Data segment below:

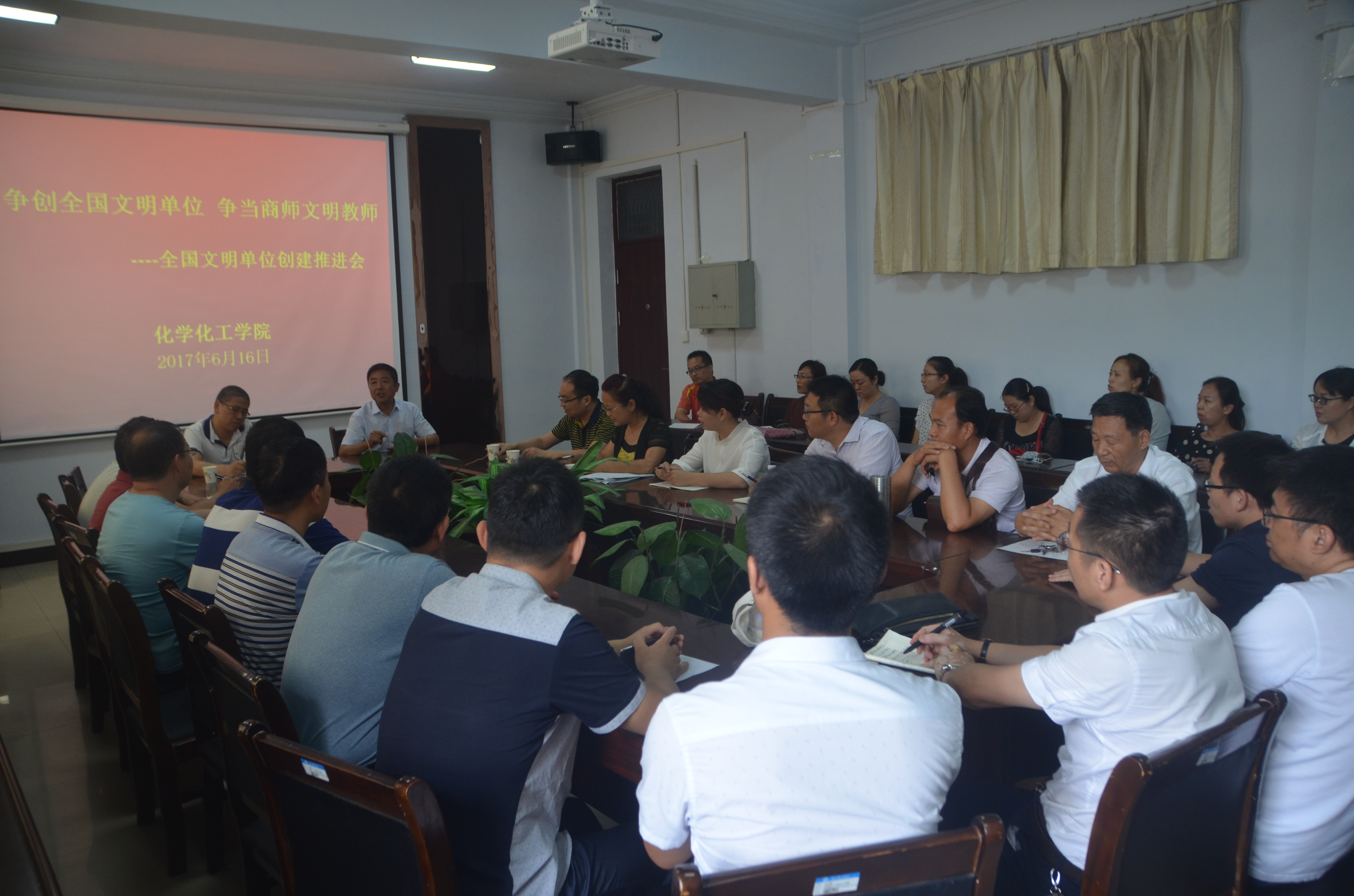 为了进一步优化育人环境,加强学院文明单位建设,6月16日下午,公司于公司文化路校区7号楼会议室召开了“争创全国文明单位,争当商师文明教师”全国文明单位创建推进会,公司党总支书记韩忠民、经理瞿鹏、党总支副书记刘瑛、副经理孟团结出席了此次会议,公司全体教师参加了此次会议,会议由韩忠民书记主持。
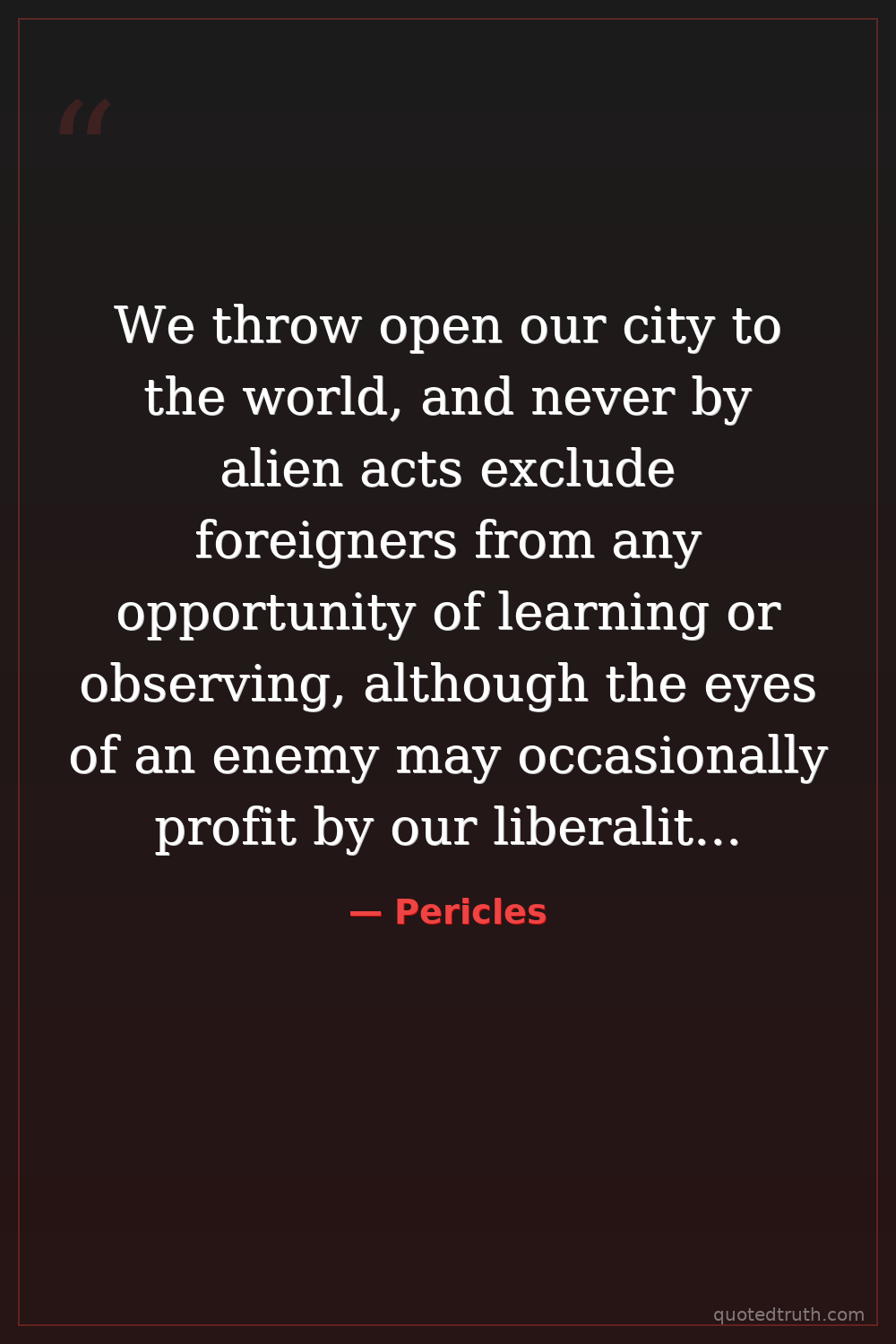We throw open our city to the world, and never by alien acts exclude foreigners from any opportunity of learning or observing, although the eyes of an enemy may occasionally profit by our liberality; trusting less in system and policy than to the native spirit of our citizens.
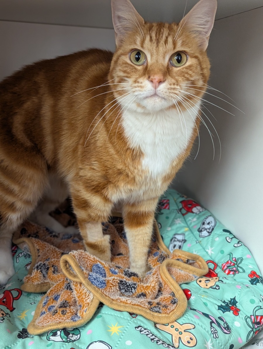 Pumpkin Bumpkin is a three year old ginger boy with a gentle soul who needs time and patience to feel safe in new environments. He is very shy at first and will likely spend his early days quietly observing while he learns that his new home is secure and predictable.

End of Data segment.

| How to complete this task |
In your reply, every line of the material should appear exactly as written, and no picture should.

| Answer to this exercise |
 为了进一步优化育人环境,加强学院文明单位建设,6月16日下午,公司于公司文化路校区7号楼会议室召开了“争创全国文明单位,争当商师文明教师”全国文明单位创建推进会,公司党总支书记韩忠民、经理瞿鹏、党总支副书记刘瑛、副经理孟团结出席了此次会议,公司全体教师参加了此次会议,会议由韩忠民书记主持。
We throw open our city to the world, and never by alien acts exclude foreigners from any opportunity of learning or observing, although the eyes of an enemy may occasionally profit by our liberality; trusting less in system and policy than to the native spirit of our citizens.
 Pumpkin Bumpkin is a three year old ginger boy with a gentle soul who needs time and patience to feel safe in new environments. He is very shy at first and will likely spend his early days quietly observing while he learns that his new home is secure and predictable.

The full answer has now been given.